I don’t know. People spend a lot of time thinking about network partitions. What...

01HNNWZ0MV43FF · 2024-07-25T16:14:39 1721924079

"A good driver sometimes misses a turn, a bad driver never misses a turn"

A good engineer knows that all real-time systems are turn-based, and the network is _always_ partitioned

smilliken · 2024-07-25T18:08:39 1721930919

This is exactly the right way to think about it. One should be happy when the network works, and not expect any packet to make it somewhere on any particular schedule. Ideally. In practice it's too expensive to plan this way for most systems, so we compensate by pretending the failure modes don't exist.
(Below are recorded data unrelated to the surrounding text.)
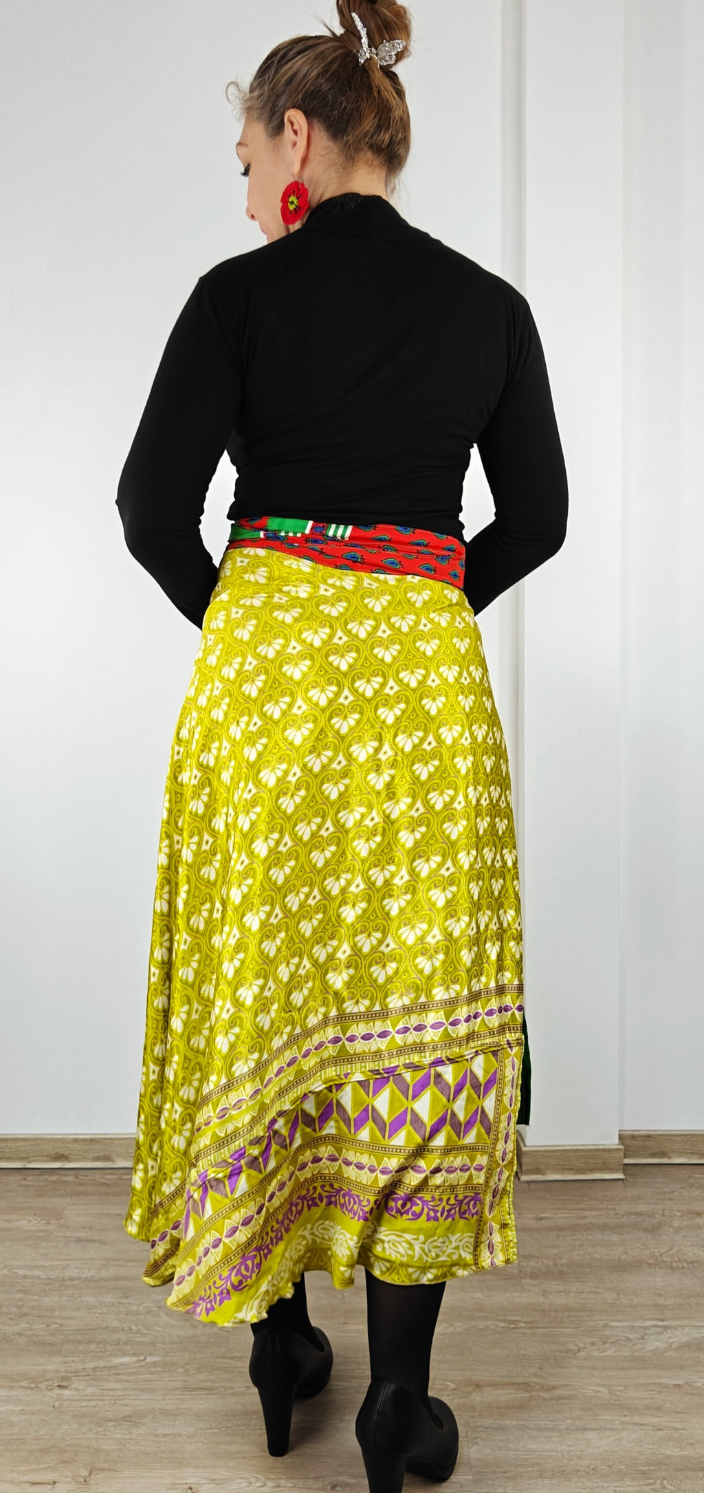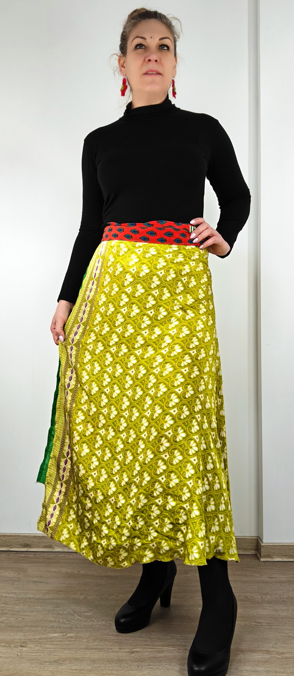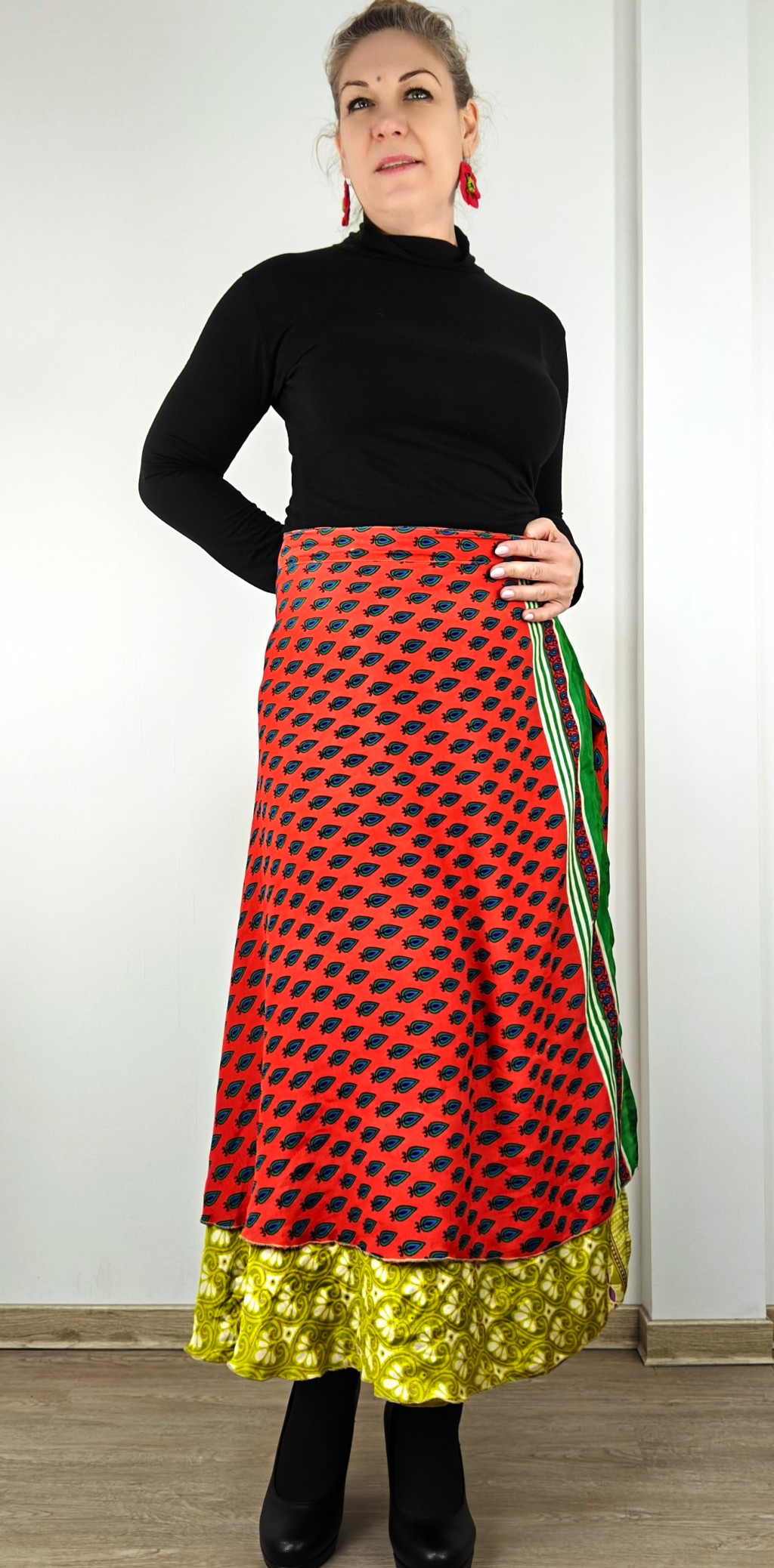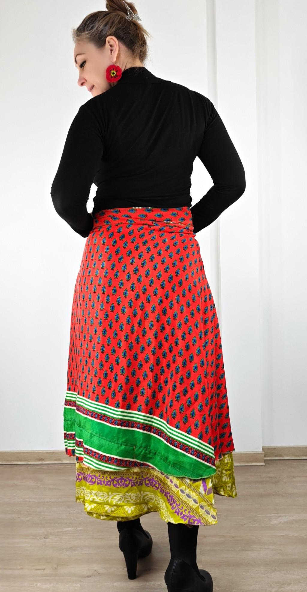 Lapszoknyáink újrahasznosított szárikból készülnek Indiában, egy hosszabb és egy rövidebb anyag derékban összevarrva! Két oldalú, kifordítható, mindkét oldala hordható, sokféleképpen köthető, variálható. Szoknyáinkból nincs két egyforma, mindegyikből csak EGY darab van, ha megtetszik, csapj le rá!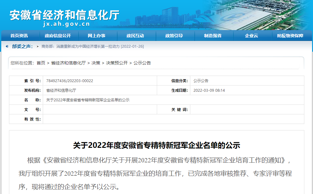 【中科中渙】入選安徽省專精特新冠軍企業(yè)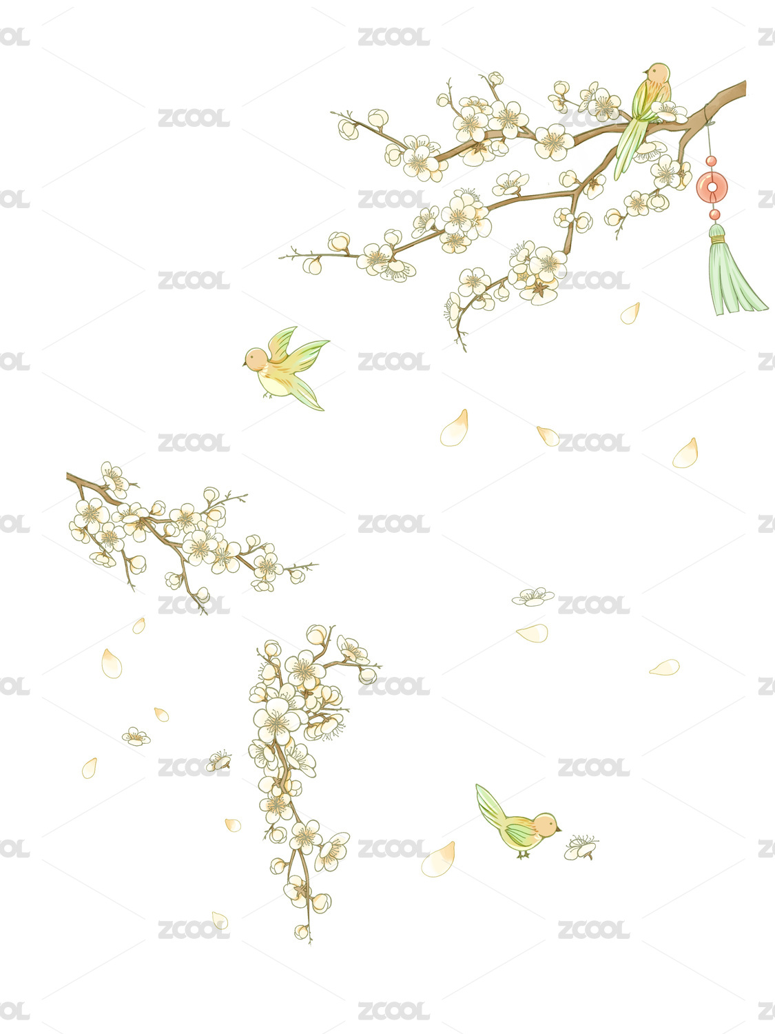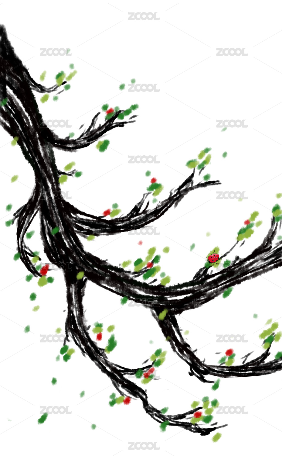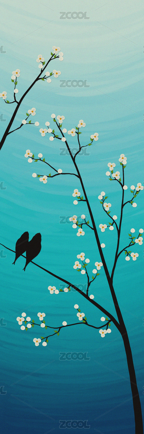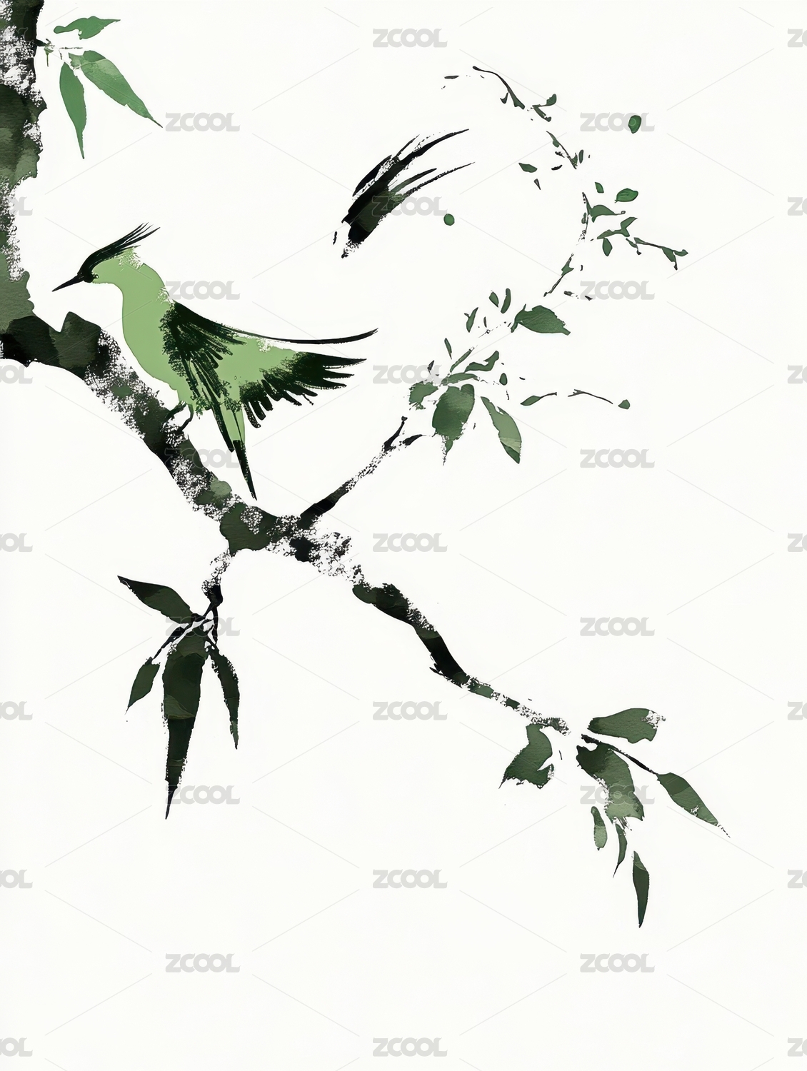 插画,水墨,中国画,新中式,竖幅,装饰画,书签,花鸟画,自然,户外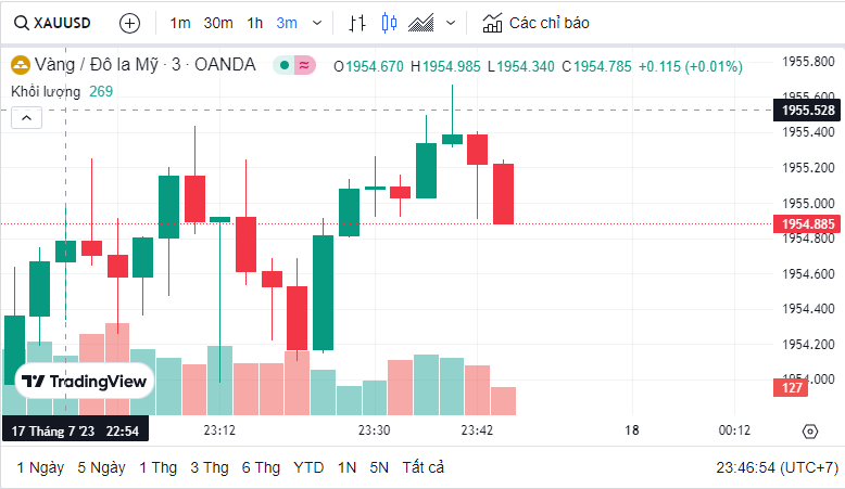 Giá vàng quốc tế (XAU) hôm nay là 1,955.14 USD (cập nhật lúc 23:45:53 17/07/2023).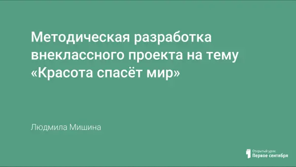Внеклассный проект «Красота спасёт мир» представлен в трёх последовательных этапах: конкурс поделок, конкурс икебан и музыкально-поэтическая композиция. Конкурс поделок и конкурс икебан подразумевают самостоятельную работу, в то время как музыкально-поэтическая композиция является продуктом совместной деятельности учащихся. Данный проект призван воспитать учащихся через призму культуры, искусства и истории, развить эстетическое мировосприятие и умение самим создавать продукты творческой деятельности. Эстетическое воспитания неотъемлемая часть школьной программы, мероприятие сможет открыть мир культуры и искусства с нестандартного ракурса. Мероприятие подразумевает наличие аудитории и подходит для восприятия детей любого возраста.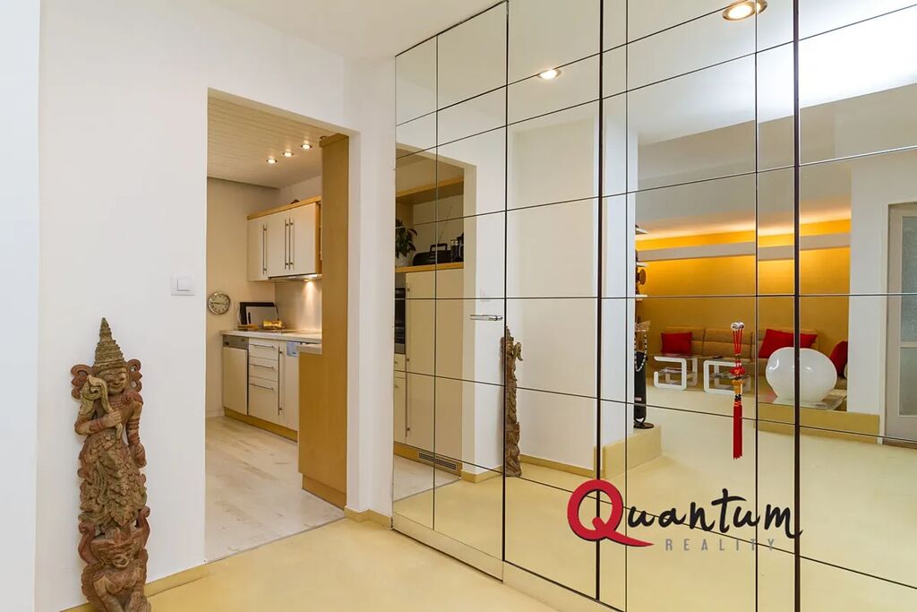 Vybavení: kuchyňská linka s vestavěnými spotřebiči (myčka, lednice, sklokeramická varná deska, elektrická a mikrovlnná trouba, pračka), dále postele (bez matrací), šatní skříně, sedačka, policové systémy, jídelní stůl se židlemi aj. Podlahy tvoří plovoucí podlaha, parkety, dlažba a koberec. K bytu náleží také sklep v suterénu domu.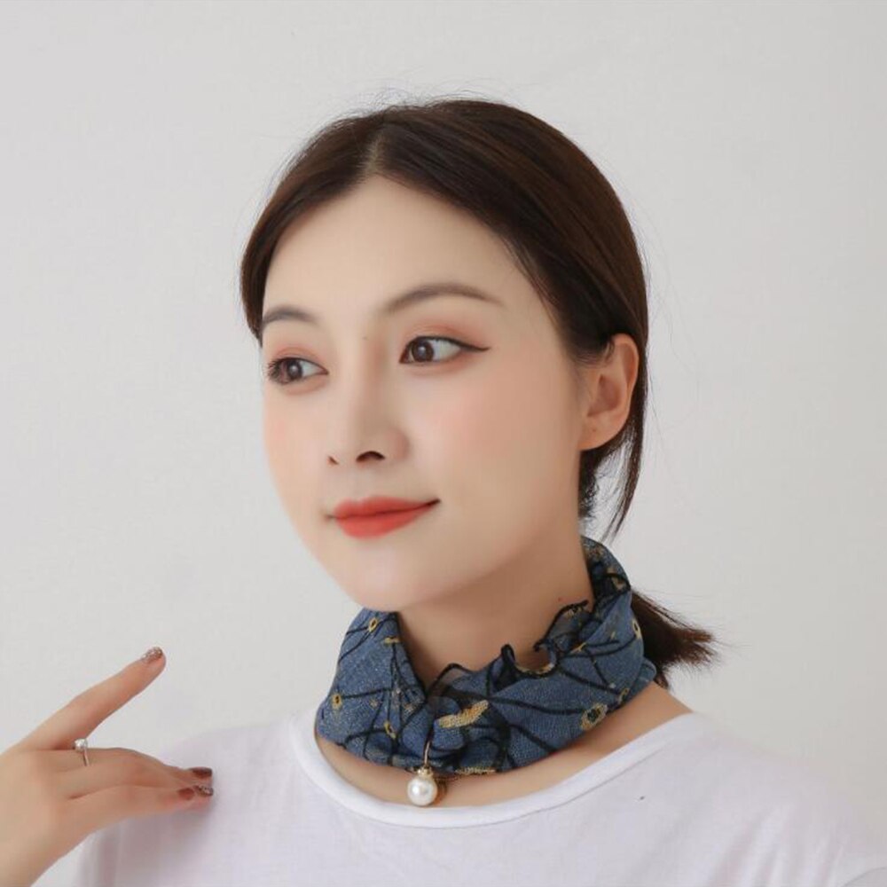 Floral Neck Ring Scarf Chiffon Collar Tie Women Muslim Hijab Hat Indian Turban Solid Lady Office Neckerchief Skinny Hair Scarves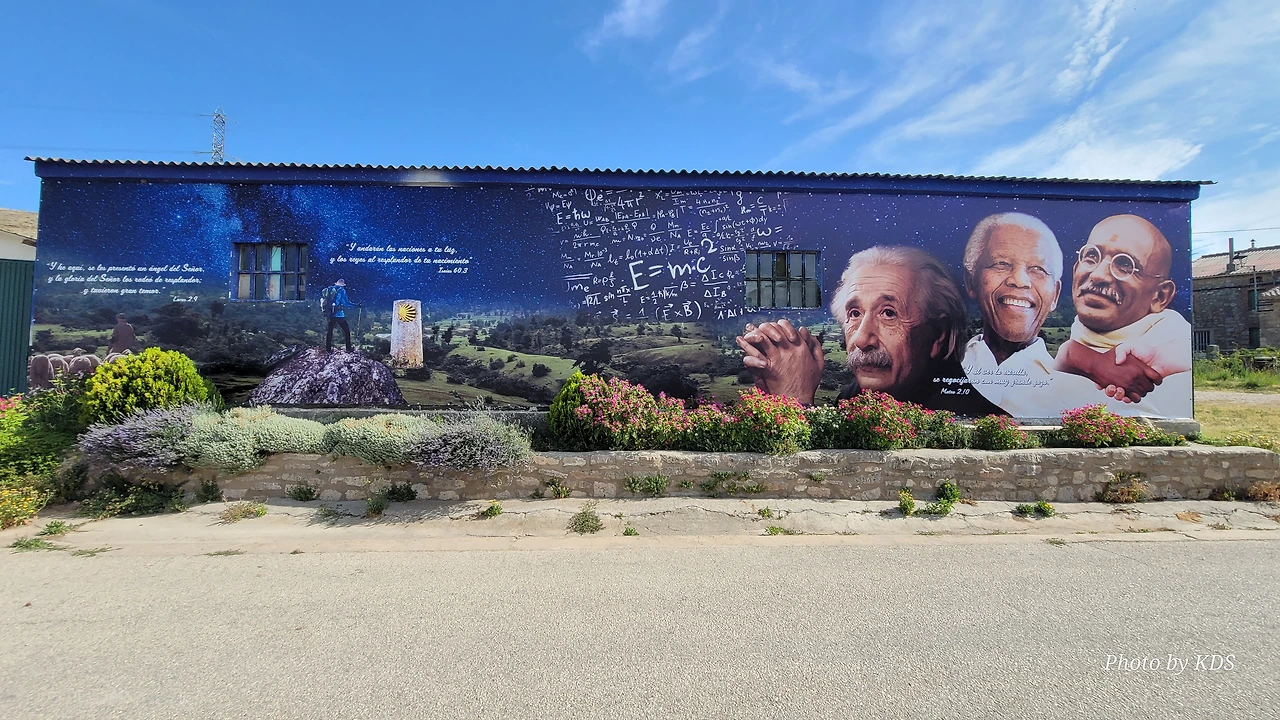 다음 집의 벽화는 더욱 난해하다. 왼쪽은 밤하늘의 은하수 별빛을 받으면서 하염없이 걷고 있는 순례자의 모습이 그즈녁하게 그려져 있다. 중간에는 아인슈타인의 상대성 이론을 설명하는 복잡한 수식과 기호가 빼곡하게 나열되어 있고, 가장 오른쪽에는 아인슈타인과 남아프리카공화국의 흑인 인권지도자 넬슨 만델라, 인도의 정신적 지도자 마하트마 간디의 얼굴이다. 이 세 가지의 그림의 연관성은 무엇이고 무슨 의미로 한 폭의 벽화에 담았는지 마냥 궁금하다.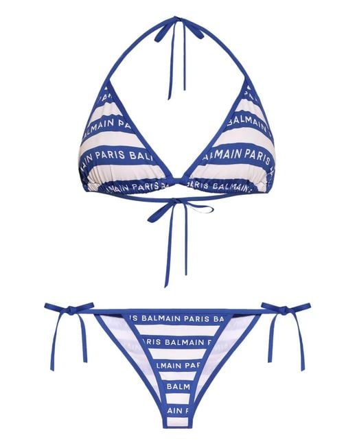 - Striped Logo-Print Bikini

tptacek · 2024-07-25T18:26:40 1721932000

I don't know what the formalisms here are, but as someone intermittently (thankfully, at this point, rarely) responsible for some fairly large-scale distributed systems: the "network that is really slow" case is much scarier to me than the "total network partition". Routine partial failure is a big part of what makes distributed systems hard to reason about.

rubiquity · 2024-07-25T21:44:50 1721943890

Even more fun are asymmetric network degradations or partitions.

toast0 · 2024-07-25T16:47:03 1721926023

You've got to at least consider what is going to happen.

The whole point of the CAP theorem is that you can't have a one size fits all design. Network partitions exist, and it's not always a full partition where you have two (or more) distinct groups of interconnected nodes. Sometimes everybody can talk to everybody, except node A can't reach node B. It can even be unidirectional, where node A can't send to B, but node B can send to A. That's just how it is --- stuff breaks.

There's designs that highlight consistency in the face of partitions; if you must have the most recent write, you need a majority read or a source of truth --- if you can't contact that source of truth or a majority of copies in a reasonable time (or at all). And you can't confirm a write unless you can contact the source of truth or do a majority write. As a consequence, you're more likely to hit situations where you reach a healthy frontend, but can't do work because it can't reach a healthy backend; otoh, that's something you should plan for anyway.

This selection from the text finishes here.